Нет ничего удивительного, что именно в дверь особняка на Тестовой вошла однажды поздним вечером некая «сестра Тадеуша».

Официально Текля Рудько — подданная одного из европейских государств — ехала навестить свою больную матушку, которая проживала где-то в Великомостовском районе. Неофициально у «сестры Тадеуши» были другие задания… Когда, навестив матушку, заботливая «дочь» собиралась уже отправиться восвояси, оказалось, что в подошвах ее туфель и в одежде припрятаны злобные антисоветские фальшивки, которые она получила от «сестер служебниц» и намеревалась переправить за кордон по назначению.

Нет, в этот раз кресты, которые везла Д., тоже не дошли по назначению. Не дошли они ни в дом на Тестовой, ни в коттедж на улице Добролюбова, ни в особняк на улице Гагарина, где бельгийская подданная Алиция Поппе — «сестра Елизавета», бывшая настоятельница бывшего монастыря святого Викентия, собрала под свое крылышко двадцать восемь бывших монашек…

Во Львовском историческом музее хранится прелюбопытная колода старинных игральных карт ручной работы. На всех картах нарисованы попы и монахи. Так, на десятке бубен изображены целых десять священников сразу — один с крестом, другой с хоругвью, третий со свечой и т. д. Король бубен представляет собой священника с кадилом. Но особенно интересной показалась мне крестовая дама в виде коленопреклоненной монашки с черным крестом на лбу. Вертя в руках карту, я обнаружила на задней стороне — «рубашке» — чуть заметный крестик, ловко вписанный в общий фон. Непосвященному ни за что бы не увидеть эту неприметную отметину. Зато тот, кто «крапил» карту, мог безошибочно определить, что это была за дама.

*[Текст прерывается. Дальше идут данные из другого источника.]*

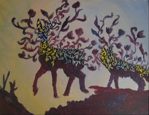 97. 2010. Deer/wolf. Acrylic and correction fluid on Canvas. 11×14.
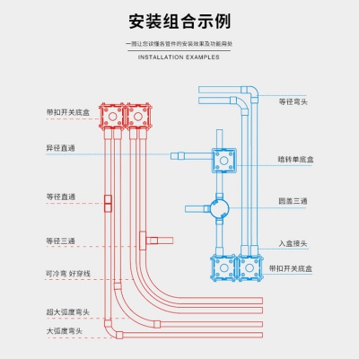 日豐管 pvc穿線管配件家用絕緣阻燃強弱電分離暗裝 異徑直通,

Побывав в особняке на Тестовой, я по ассоциации вспомнила эти карты: еще и сейчас пытаются вести игру некоторые старинные крестовые дамы. Но ведь репутация-то у них крапленая.

УЦЕНЕННЫЕ ЧЕТКИ

…Это была очень странная комната. Когда я переступила ее порог, мне показалось, что я попала в какую-то костюмерную, где хранится реквизит давно сошедших с подмостков религиозных мистерий. Чего-чего тут только не было! И пышные облачения, и громадные связки четок, и антиминосы — освященные тряпицы с зашитыми сбоку святыми мощами, и церковная утварь. Ни дать ни взять — костюмерная! Так оно на самом деле и было. Я ошиблась только в одном — это была не костюмерная, вернее, не только костюмерная. Здесь давались и представления. При закрытых дверях. При занавешенных наглухо окнах. Без зрителей, ибо каждый сам являлся участником. Все разыгрывалось как по нотам — сначала главный герой торжественно облачался в пышные одежды и становился в позу. Остальные действующие лица разбирали необходимые атрибуты: четки, молитвенники, библии. Звенел колокольчик. Тушился свет. И при колеблющемся пламени свечей начиналось действо. Чувствовалось, что роли затвержены назубок, мизансцены четко разработаны «режиссером-постановщиком». Облаченный без запинки произносил монолог — сперва нес околесицу про власть божью, потом нес околесицу про советскую власть. Статисты в это время помалкивали. По ходу пьесы им в этом акте не положено ни одной реплики. Зато по окончании проповеди они брали свое — брякнувшись на колени, битый час бубнили речитативом. Под конец на свет божий извлекались бутылки. Впрочем, артисты настолько входили в свою роль, что вино с этикеткой «Черные глаза» вкушали с благоговением, как кровь Христову, а бутафорские облатки из импортных заменителей сходили за божью плоть. У иных, особенно разыгравшихся, выступали даже слезы умиления…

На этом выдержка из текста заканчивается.